Hi everyone, inside this article we will see the concept about Merge Sort Analysis.

Merge sort is a widely used and efficient sorting algorithm based on the divide-and-conquer paradigm. It is an efficient, general-purpose, and comparison-based sorting algorithm that works well for large datasets.

Merge sort works by dividing the input array into two halves, sorting each half recursively using the same algorithm, and then merging the two sorted halves into a single sorted array. The merging process involves comparing the first element of each sorted half and choosing the smaller element, which is then added to the merged array. This process is repeated until all the elements from both halves have been merged.

Algorithm of Merge Sort

Here is the algorithm for Merge Sort:

  1. If the input array has only one element, it is already sorted. Return the input array.
  2. Divide the input array into two halves.
  3. Sort the first half of the array recursively using the Merge Sort algorithm.
  4. Sort the second half of the array recursively using the Merge Sort algorithm.
  5. Merge the two sorted halves into a single sorted array. To do this, compare the first element of each sorted half and choose the smaller one to add to the merged array. Repeat this process until all elements from both halves have been merged.
  6. Return the merged array.

Here is the pseudocode for Merge Sort:

function mergeSort(array)
    if length(array) ≤ 1
        return array

    middle ← length(array) / 2
    left ← mergeSort(array[1..middle])
    right ← mergeSort(array[middle+1..length(array)])
    return merge(left, right)
 
function merge(left, right)
    result ← empty array
    while length(left) > 0 and length(right) > 0
        if first(left) ≤ first(right)
            append first(left) to result
            left ← rest(left)
        else
            append first(right) to result
            right ← rest(right)
    
    append remaining elements of left to result
    append remaining elements of right to result
    return result

In this pseudocode, mergeSort function takes an array as input and recursively sorts it using the merge function.
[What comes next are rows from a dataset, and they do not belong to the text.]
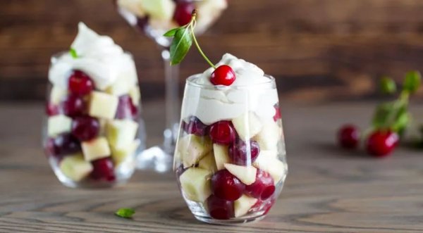 Описание: 🔴 Салат из вишни и яблок с соусом из йогурта 🔴Такой вишни, как у нас, нет нигде на свете. Ну, по крайней мере, мы не пробовали. То, что продается на Западе, – это в нашем понимании черешня, хотя вкусная, конечно. Но вот салатов (а также вареников и пирогов) с настоящей вишней им, бедным, вовек не попробовать. Чтобы этот десертный салат получился красивым, важно сохранить форму у вишни, осторожно выдавливая из нее косточку. Для этого можно воспользоваться машинкой для удаления косточек. Если у вас дома нет специальной машинки для удаления косточек из вишни и оливок, придется действовать бабушкиными методами. Возьмите шпильку для волос или очень толстую и прочную скрепку. Втыкайте шпильку закругленным концом в то место, откуда у вишни растет «хвостик». Делайте мелкое движение, как будто вы копаете огород лопатой (в роли лопаты – шпилька). Косточка легко вынется.✅ Для 4 порций нужно: 🔻 500 г вишни🔻 2 средних яблока🔻 3 ст. л. коричневого сахара❇️ Для соуса:🔻 150 мл сливок жирностью 35%🔻 1 стаканчик натурального йогурта🔻 2 ст. л. лимонного сока🔻 3 ч. л. ванильного сахара✅ Готовка: 30 мин➡️ – Вымойте вишню в проточной воде, обсушите. Удалите косточки.➡️ – Очистите яблоки от кожуры и семечек. Порежьте мякоть кубиками. Сразу же перемешайте вишню и яблоки с коричневым сахаром. Старайтесь не давить нежные ягоды, чтобы из них не вытекло сразу слишком много сока.➡️ – Взбейте миксером сливки с ванильным сахаром в пышную пену. Продолжая взбивать, влейте йогурт и лимонный сок. Взбейте еще раз.➡️ – Выложите салат в стеклянные стаканы или десертные вазочки и полейте соусом.
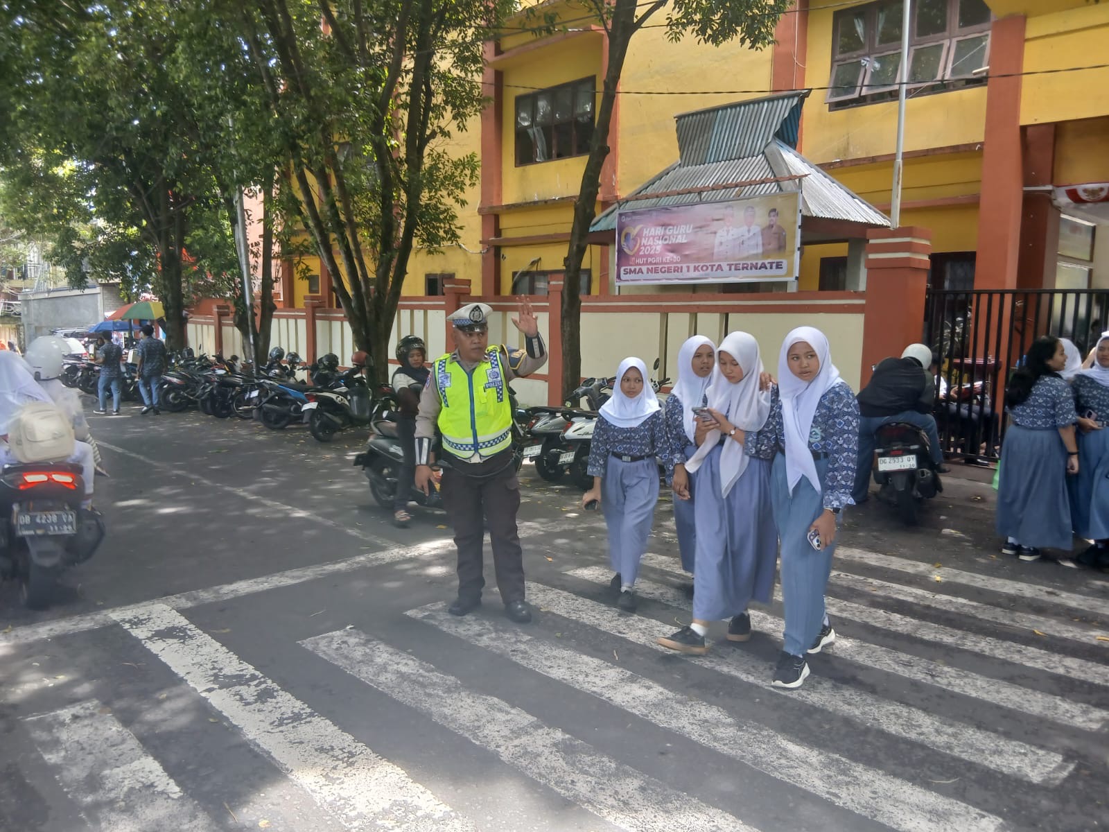 Dalam rangkaian kegiatan, personel Satlantas melaksanakan pengaturan lalu lintas (gatur lalin) di sejumlah titik sekolah guna membantu penyebrangan anak sekolah, yakni di depan SDN 10 Kota Ternate (Kecamatan Ternate Tengah), SDN 11 Kota Ternate (Kecamatan Ternate Selatan), serta di kawasan Jalan Siswa, Kecamatan Ternate Tengah. Kegiatan ini bertujuan menciptakan situasi lalu lintas yang aman dan lancar pada jam aktivitas sekolah.
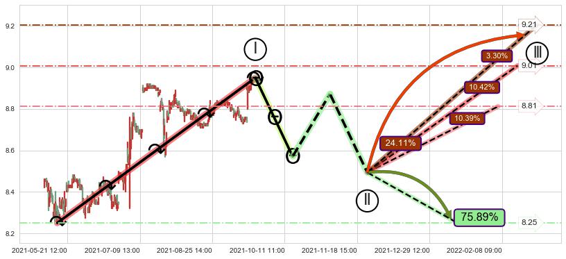 ➢ 循环浪继续向上【最高】位置(02-25:14, 9.21),匹配聚类样本比例13.69%, 可能性概率3.30%
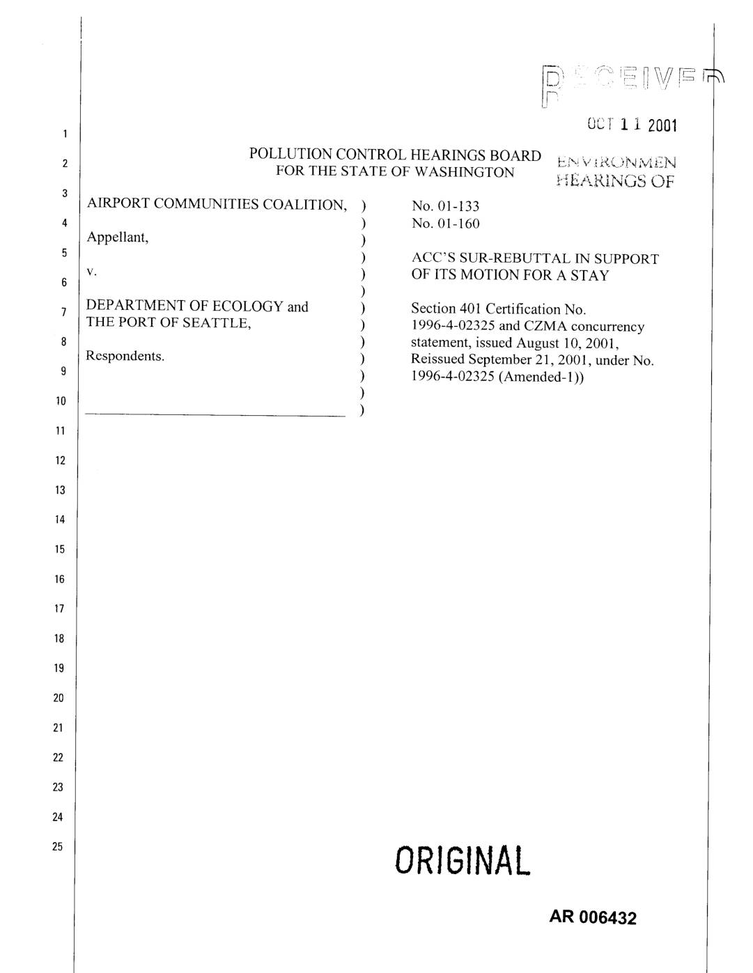 v. ) OF ITS MOTION FOR A STAY ) DEPARTMENT OF ECOLOGY and ) Section 401 Certification No.7 THE PORT OF SEATTLE, ) 1996-4-02325 and CZMA concurrency ) statement, issued August 10, 2001, Respondents. ) Reissued September 21, 2001, under No. ) 1996-4-02325 (Amended- 1)) ) ) -

The merge function takes two sorted arrays as input and merges them into a single sorted array.

How does Merge Sort Work?

Let’s consider an example to understand how Merge Sort works:

Suppose we have an unsorted array of integers as follows: [8, 4, 1, 9, 3, 7, 5, 2].

We can sort this array using Merge Sort as follows:

  1. Divide the array into two halves: [8, 4, 1, 9] and [3, 7, 5, 2].
  2. Recursively sort the two halves using Merge Sort.For the first half [8, 4, 1, 9], divide it into two halves again: [8, 4] and [1, 9]. Recursively sort each half by dividing them further, until we have individual elements: [8], [4], [1], and [9]. Now we can start merging the individual elements back together in sorted order: [4, 8] and [1, 9]. Finally, we can merge the two sorted halves into a single sorted half: [1, 4, 8, 9].For the second half [3, 7, 5, 2], divide it into two halves again: [3, 7] and [5, 2]. Recursively sort each half by dividing them further, until we have individual elements: [3], [7], [5], and [2]. Now we can start merging the individual elements back together in sorted order: [3, 7] and [2, 5]. Finally, we can merge the two sorted halves into a single sorted half: [2, 3, 5, 7].
  3. Merge the two sorted halves from step 2 into a single sorted array. We compare the first element of each sorted half and choose the smaller one to add to the merged array. We repeat this process until all elements from both halves have been merged. In this case, the first elements of the two sorted halves are 1 and 2, and 1 is smaller. So we add 1 to the merged array. The next two elements are 2 and 3, and 2 is smaller. We add 2 to the merged array. Continuing this process, we end up with the fully sorted array: [1, 2, 3, 4, 5, 7, 8, 9].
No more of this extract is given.